D’un point de vue strictement personnel, il me serait tout à fait envisageable d’accepter le drapeau européen à l’Assemblée, à une condition : que l’Europe soit celle des peuples et non du marché, qu’elle soit celle de la démocratie et non de la bureaucratie et de la cooptation. Qu’elle soit une Europe insoumise, et non une Europe en marche vers un objectif nébuleux, qui ressemble fort à un miroir aux alouettes. Le sens du drapeau, dans cette hypothèse, changerait, et sa présence au palais Bourbon viendrait ainsi affirmer la nécessaire articulation entre démocratie nationale et démocratie internationale. Mais c'est de toute façon à l'Assemblée de décider de cette présence du drapeau au sein de l'Assemblée, et non au président de la République.

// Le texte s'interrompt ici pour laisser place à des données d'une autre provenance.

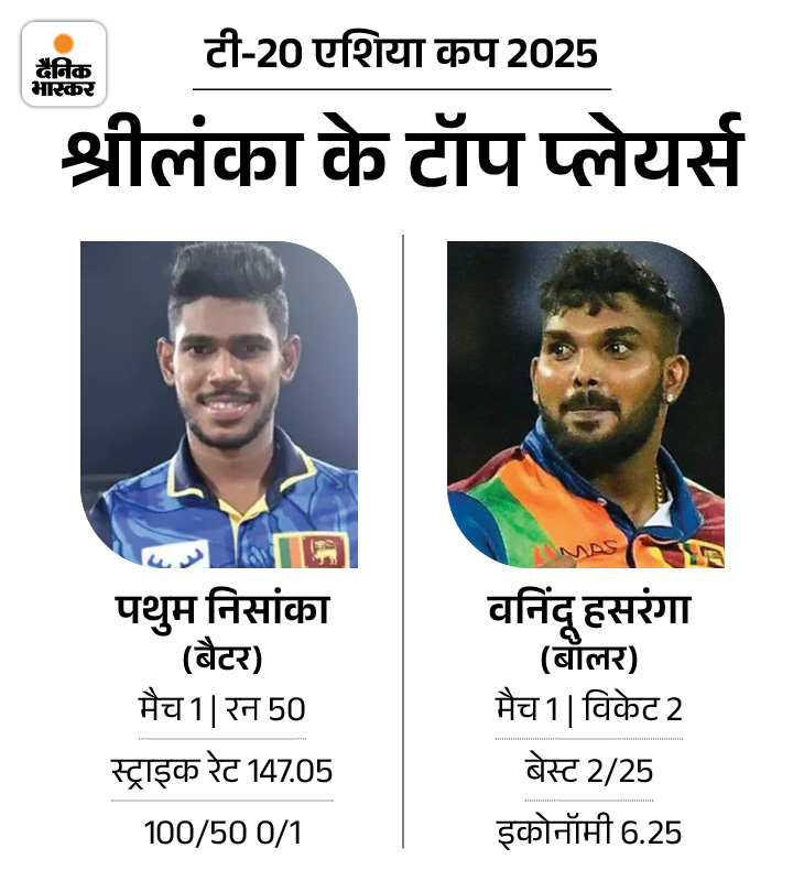 निसांका ने पहले मैच में फिफ्टी लगाई बांग्लादेश के खिलाफ श्रीलंका के गेंदबाजों और बल्लेबाजों ने कमाल का प्रदर्शन किया था, ऐसे में वह अपनी प्लेइंग इलेवन में ज्यादा बदलाव नहीं करना चाहेंगे। कुसल मेंडिस का बल्ला पहले मुकाबले में नहीं चल पाया था। ऐसे में उनसे एक बड़ी पारी की उम्मीद होगी। बांग्लादेश के खिलाफ ओपनर पथुम निसांका ने शानदार बैटिंग करते हुए अर्धशतक लगाया था। उनके अलावा कमिल मिशारा ने भी 46 रन बनाए थे। बॉलिंग डिपार्टमेंट में स्पिनर वनिंदू हसरंगा ने 2 विकेट लिए थे।

Quoi qu'en disent certains, mal informés, simples d’esprit ou le plus souvent de mauvaise foi, je crois pouvoir affirmer, à titre collectif et non plus individuel, que la France insoumise ne « vomit » pas le drapeau européen mais qu’elle critique sa présence au sein du Parlement français, et à travers lui les institutions européennes telles qu’on les connaît aujourd’hui. Nous sommes pour la démocratie, partout et tout le temps, à tous les niveaux : l’entreprise, l’association, la commune, la région, l’État, la communauté d’États. Nous voulons la démocratie partout, avec ou sans Europe, ce qui différencie considérablement notre projet politique de celui d’Emmanuel Macron, qui veut l’Europe partout, avec ou sans démocratie. Là peut se trouver notre éventuel conflit avec le drapeau européen, qui en l’état antidémocratique des institutions européennes n’a rien à faire au palais Bourbon, l'Assemblée nationale étant encore l’un des rares lieux où peut se mettre en oeuvre un semblant de démocratie politique. N'adoptons pas les emblèmes de notre servitude, ou alors faisons en sorte qu'ils deviennent ceux de notre libération.